Геннадий Левицкий - Великое княжество Литовское
Подтверждение, так сказать, подлинности царевича Дмитрия поразительно вовремя пришло от самого влиятельного человека Великого княжества Литовского. Рассказывает польский хронист Иосиф Будило: «В это время приехал в Жуловцы к князю Константину Вишневецкому слуга канцлера Великого княжества Литовского Льва Сапеги и сообщил, что служил в Угличе у царевича Димитрия, что у царевича были знаки на челе, а когда увидел их на Димитрии [самозванце], то признал в нем настоящего сына великого князя Московского Ивана Васильевича, Димитрия Ивановича».

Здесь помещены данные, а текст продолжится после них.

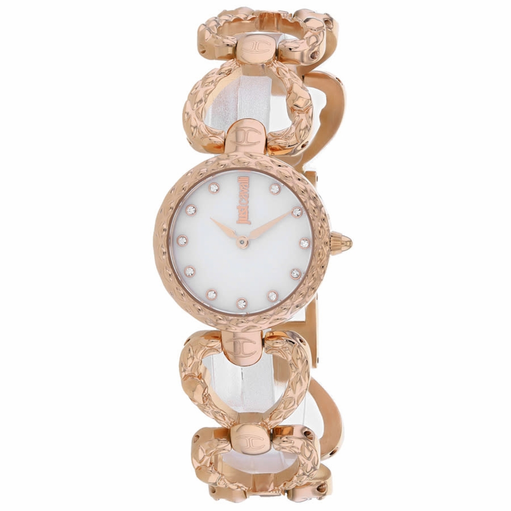 Rose gold-tone stainless steel case and bracelet. Fixed rose gold-tone stainless steel bezel. Mother of pearl dial with rose gold-tone hands and index hour markers. Dial Type: Analog. Quartz movement. Scratch resistant mineral crystal. Pull / push crown. Solid case back. Round case shape, case size: 31 mm, case thickness: 8 mm. Band width: 24 mm, band length: 7.5 inches. Jewelry clasp. Water resistant at 50 meters / 165 feet. Functions: hour, minute. Dress Series. Fashion watch style. Just Cavalli Dress Mother of Pearl Dial Ladies Watch JC1L132M0035.

«…Вопрос: кем же был подставлен самозванец? – рассуждает С. М. Соловьев. – Кто уверил его в том, что он царевич Димитрий? Кому было выгодно, нужно появление самозванца? Оно было выгодно для Польши, Лжедимитрий пришел отсюда, следовательно, он мог быть подставлен польским правительством. Кого же мы должны разуметь под польским правительством? Короля Сигизмунда III? Но характер последнего дает ли нам право приписать ему подобный план для заведения смут в Московском государстве? И осторожное, робкое поведение Сигизмунда в начале деятельности самозванца дает ли основание предполагать в короле главного виновника дела? План придуман кем‐нибудь из вельмож польских? Указывают на Льва Сапегу, канцлера литовского. Сапега два раза был в Москве послом: один раз – при царе Феодоре, другой – при Борисе, и в последний раз приехал из Москвы с сильным ожесточением против царя; когда самозванец объявился у князя Вишневецкого, то Петровский, беглый москвич, слуга Сапеги, первый явился к Вишневец– кому, признал Отрепьева царевичем и указал приметы: бородавки на лице и одну руку короче другой. Потом Сапега является сильным поборником планов Сигизмунда против Москвы, ожесточенным врагом нового царя Михаила, восшествие которого расстраивало его планы; в царствование Михаила, до самой смерти своей, держит под рукою, наготове, самозванца, несчастного Лубу, как орудие смут для Москвы. Любопытно, что и наш летописец злобу поляков и разорение, претерпенное от них Московским государством, приписывает раздражению Льва Сапеги и товарищей его за то, что они видели в Москве много иностранного войска. Наконец, некоторые рассказывают, что после сражения при Добрыничах самозванец издал манифест, в котором, между прочим, говорил, что был в Москве при посольстве Льва Сапеги; такого манифеста, впрочем, не сохранилось, и в дошедшем до нас ни слова не упоминается об этом обстоятельстве. Как бы то ни было, если заподозрить кого‐нибудь из вельмож польских в подстановке самозванца, то, конечно, подозрение, прежде всего, должно пасть на Льва Сапегу…» Польский историк Г. Люлевич считает, что Лев Сапега еще при Стефане Батории «принадлежал… к кругу людей, формировавших политику Речи Посполитой относительно Москвы и одновременно был доверенным исполнителем королевских планов в этой области».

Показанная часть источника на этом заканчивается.